Neste ponto, analisámos também os predicados de indivíduo e os predicados de fase e constatámos que estes têm como suporte da sua oposição, em Português, o contraste ser/estar.

Também tiveram destaque, neste ponto, alguns tempos verbais por serem considerados elementos desencadeadores de mudança aspectual. Na verdade, verificámos que o Pretérito Perfeito simples, quando associado a eventos, permite interpretar uma sucessão de frases simples como uma sucessão de eventos. Porém, este tempo não altera o valor aspetual da predicação.

Quanto ao Pretérito Perfeito Composto, este pode ser um operador aspetual quando combinado com eventos, necessitando, em alguns casos, de adverbias de quantificação adverbial. Com os estados apresenta algumas restrições. O Imperfeito, por sua vez, pode ter uma leitura temporal, modal e aspetual.

Para finalizar, concluímos que para uma leitura aspetual adequada é necessário ter-se em conta os diversos fatores linguísticos, nomeadamente: morfológicos (afixos verbais); sintáticos (argumento interno, argumento externo, sintagmas preposicionais adjuntos…) e semânticos (tipo de predicação, natureza semântica dos nomes, adverbiais, quantificadores…); em suma, a aspetualidade é Composicional.

Notas

7. Lyons afirma que o termo Aspeto é convencionalmente aceite por linguistas, embora pouco satisfatoriamente, como a oposição entre o perfetivo e o imperfetivo nas línguas eslavas.
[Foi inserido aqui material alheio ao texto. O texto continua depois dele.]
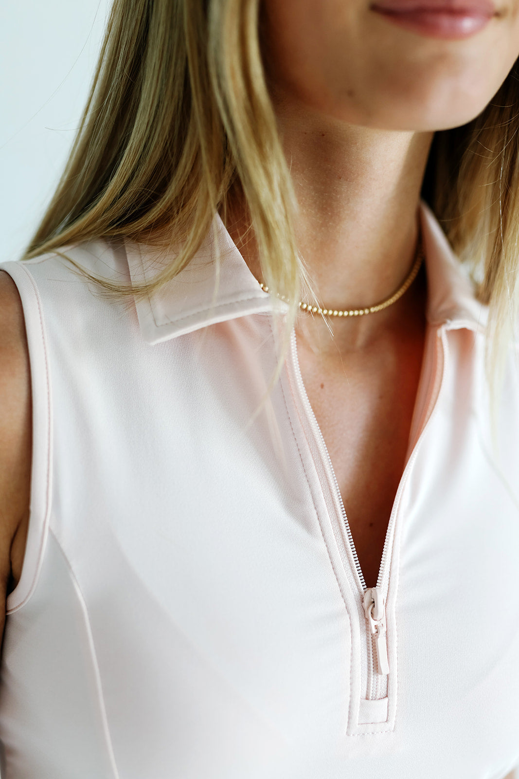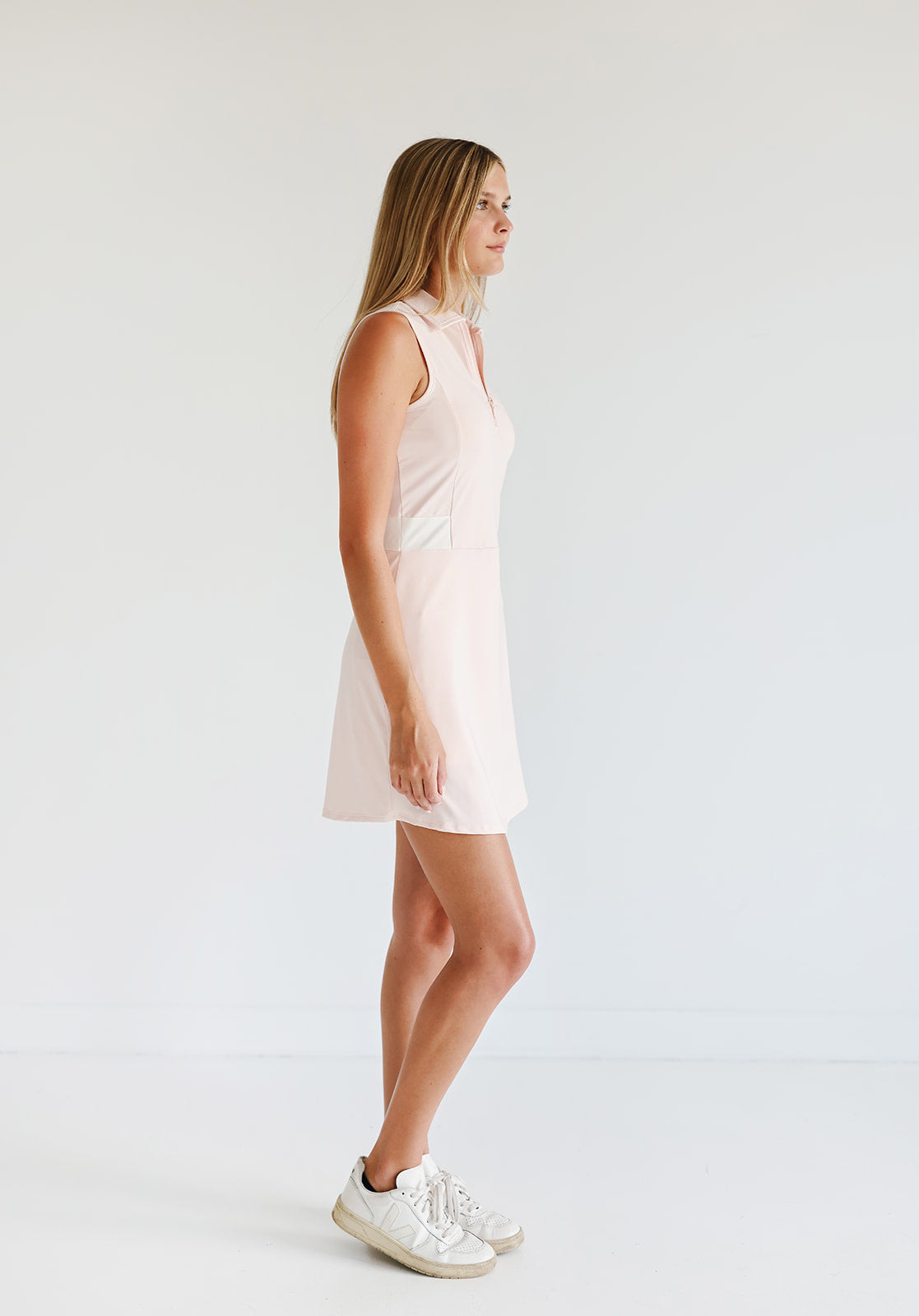 A fresh twist on tradition—this sleeveless collared dress features a sporty quarter zip, contrast detailing at the waist, and detached shorts with pockets that actually do something. Made from our signature sweat-wicking fabric so you can look sharp and stay cool, all round long.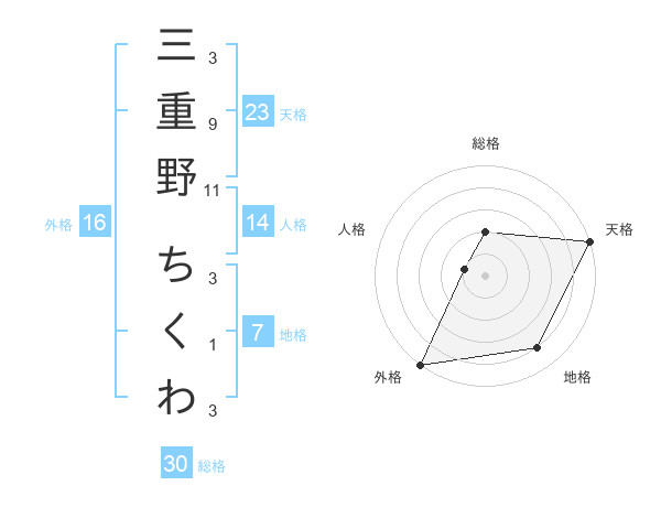三重野 ちくわさんの外格は16画の5点!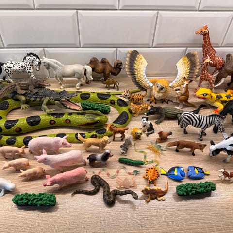 Samling med dyrefigurer . Inneholder et stort utvalg ville dyr, husdyr, sjødyr, reptiler og insekter i ulike størrelser og farger. Figurene forestiller blant annet løver, tigre, giraffer, elefanter, hester, kyr, griser, sauer, krokodiller, slanger, frosker, sjøpattedyr og flere andre arter. Egner seg til lek, rollelek og som støtte i læring om dyr og natur. Figurenes høyde og lengde varierer, og detaljnivå og farger kan variere mellom de ulike dyrene.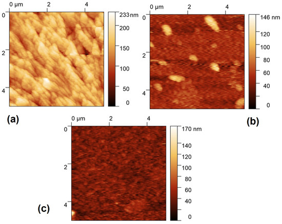 In the images obtained by AFM and presented in Figure 9, it can be observed that the film completely covers the entire surface of the substrate. Their morphology changes due to the type of dispersed heterojunction. In Table 5, it can be observed that the lowest root mean roughness (RMS) is presented by the ZnQ2-DAAq film. It is also important to highlight the mechanical properties of these films. ZnQ2-DAAq exhibits the lowest tensile strength (σ) and the lowest Knoop hardness (HK), making it the most susceptible to deformation and wear under service conditions. In contrast, AlQ3-TCNQ has a high tensile strength, while AlQ3-DAAq demonstrates the highest hardness. Since all films were manufactured under identical conditions, these results suggest that the type of dispersed heterojunction structure plays a crucial role in determining the film’s internal characteristics, including hardness and mechanical resistance. Hardness reflects a material’s ability to resist penetration, whereas mechanical strength determines its capacity to withstand applied loads.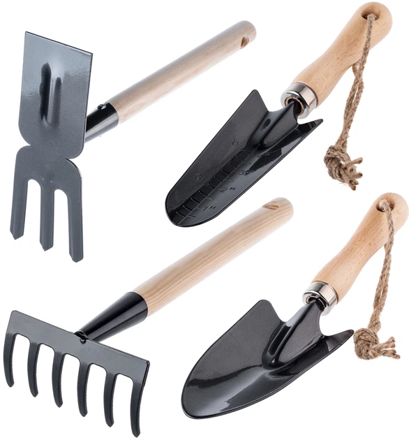 Zestaw narzędzi ogrodowych Kadax K9871 to wygodny i wszechstronny zestaw zaprojektowany z myślą o komfortowej i precyzyjnej pracy w ogrodzie. Krótkie, drewniane rękojeści idealnie leżą w dłoni, zapobiegają otarciom i zapewniają pewny chwyt nawet w rękawicach, umożliwiając wielogodzinną pracę bez dyskomfortu. Zestaw zawiera dwie łopaty – prostą i z podziałką, szpadel oraz grabki z 6 zębami, co czyni go kompletnym rozwiązaniem do pielenia, sadzenia, przesadzania i pielęgnacji gleby. Metalowe głowice o szerokości 11.5 cm i długości 15.5 cm są trwałe i odporne na uszkodzenia, a całkowita długość narzędzi 33 cm zapewnia wygodę użytkowania. Ergonomiczne, antypoślizgowe rękojeści i wysokiej jakości materiały gwarantują trwałość i niezawodność, a 2-letnia gwarancja potwierdza wysoką jakość zestawu. To praktyczny wybór dla osób, które chcą sprawić, by pielęgnacja ogrodu stała się łatwiejsza i przyjemniejsza.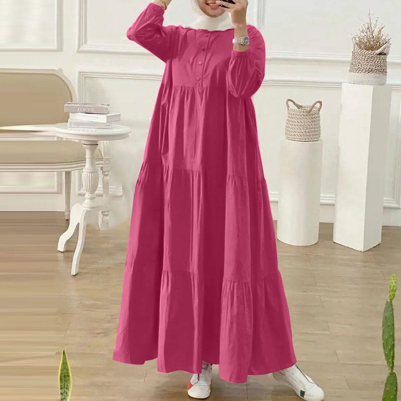 ZANZEA Женское повседневное свободное длинное платье в стиле ретро с круглым вырезом и рукавами девять четвертей 5XL ярко-розовый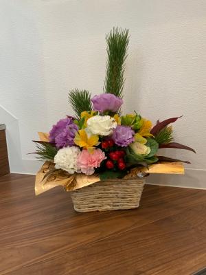 トルコギキョウとカーネーションの迎春アレンジメント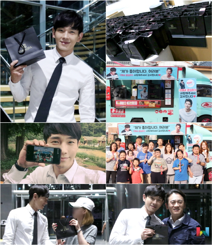 지난 14일 상암에 위치한 '미녀 공심이' 촬영장에는 온주완이 준비한 통 큰 선물들이 깜짝 등장했다. 온주완은 천연 양한방브랜드 로하셀의 팩트와 토너, 재생크림 150여 세트를 매일같이 무더위 속에서 야외 촬영을 이어가는 배우들과 스태프들에게 선물했다. 특히 이날 새벽까지 진행된 촬영에도 특유의 밝은 미소로 선물을 건네 현장에 화기애애함을 더했다는 후문.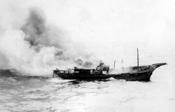| US Destroyer Attacking and Destroying Japanese Picket Ship ~ 02-16-1945, In the seas off Japan | |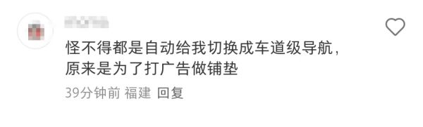对此,有网友吐槽:“想关都不知道怎么弄。”“广告如果在拐弯、限速等位置出现,非常容易误导用户。”“这种分散注意力的行为,出了事故谁负责?”“累了困了,应该去服务区才对,怎么能倡导喝饮料提神呢?”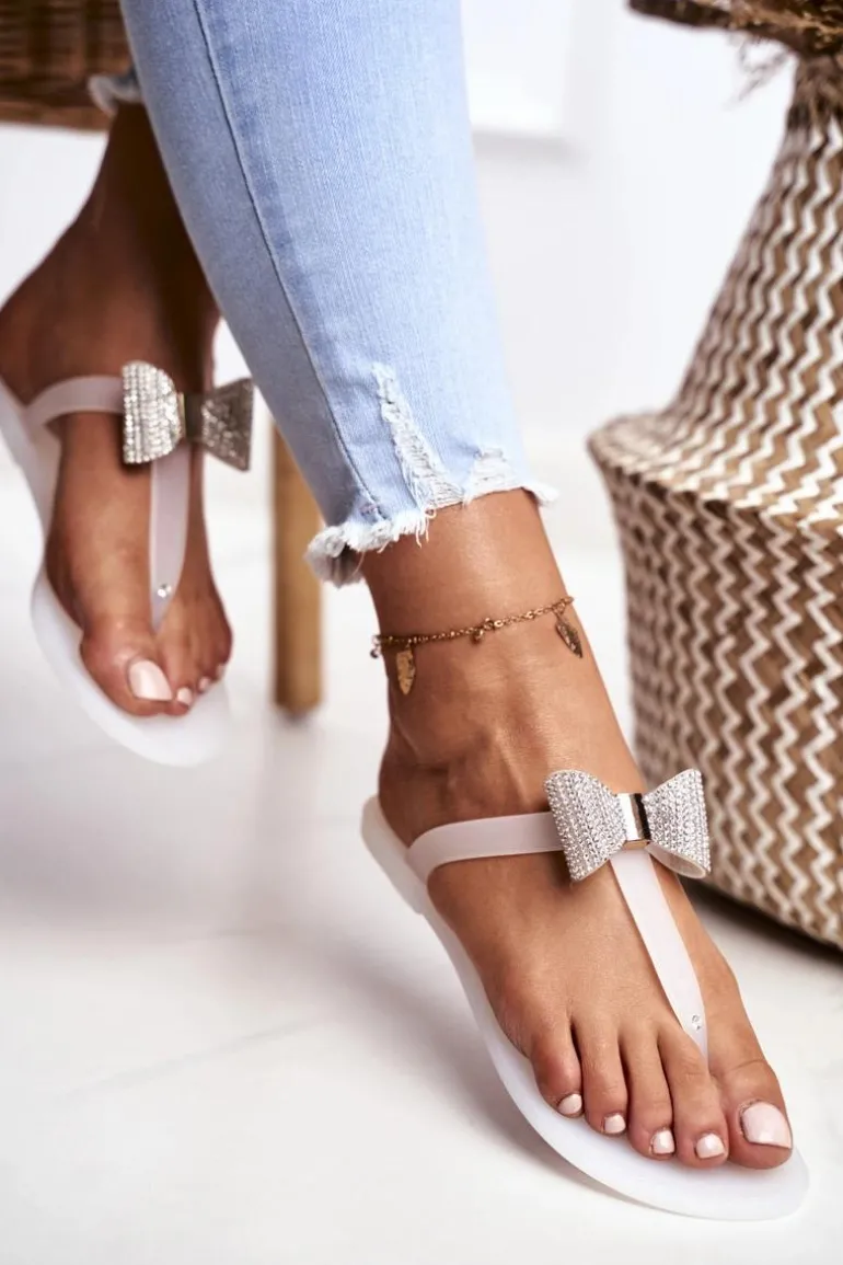 Białe Damskie Klapki Japonki Meliski z Kokardką Cekiny Morello

No entanto, o autor

51

apresenta uma série de oposições como as baseadas nas noções de duração, nomeadamente: instantaneidade, frequência, iniciação, completude e outras (cf. 1977:703-709)

8. As formas participiais dos verbos inergativos não podem ocorrer em posição predicativa. Para mais informações veja Duarte (2003:301).

9. Veja-se Cunha (2004:72)

10. Cunha (2004:87) encara o conceito de faseabilidade como uma propriedade “graduável”. Considerou as seguintes frases:

(i)?/* O Rui está a ser famoso/ começou a ser famoso/? Sê famoso! (ii)? A Ana está a ser rica/ começou a ser rica/?? Sê rica!

Para Cunha estas frases representam estativos que se posicionam num ponto intermédio de uma escala que percorre diversos “níveis” ou “graus”, desde o “patamar” claramente [+faseável] até inequivocamente [- faseável].

11. De acordo com Cunha (1998:447/462), operadores aspetuais são elementos linguísticos cuja principal função é a de alterar a “perspetivação” ou a “focalização” das situações, manifestando, portanto, consequências muito relevantes ao nível da classificação aspetual das expressões com que se combinam”.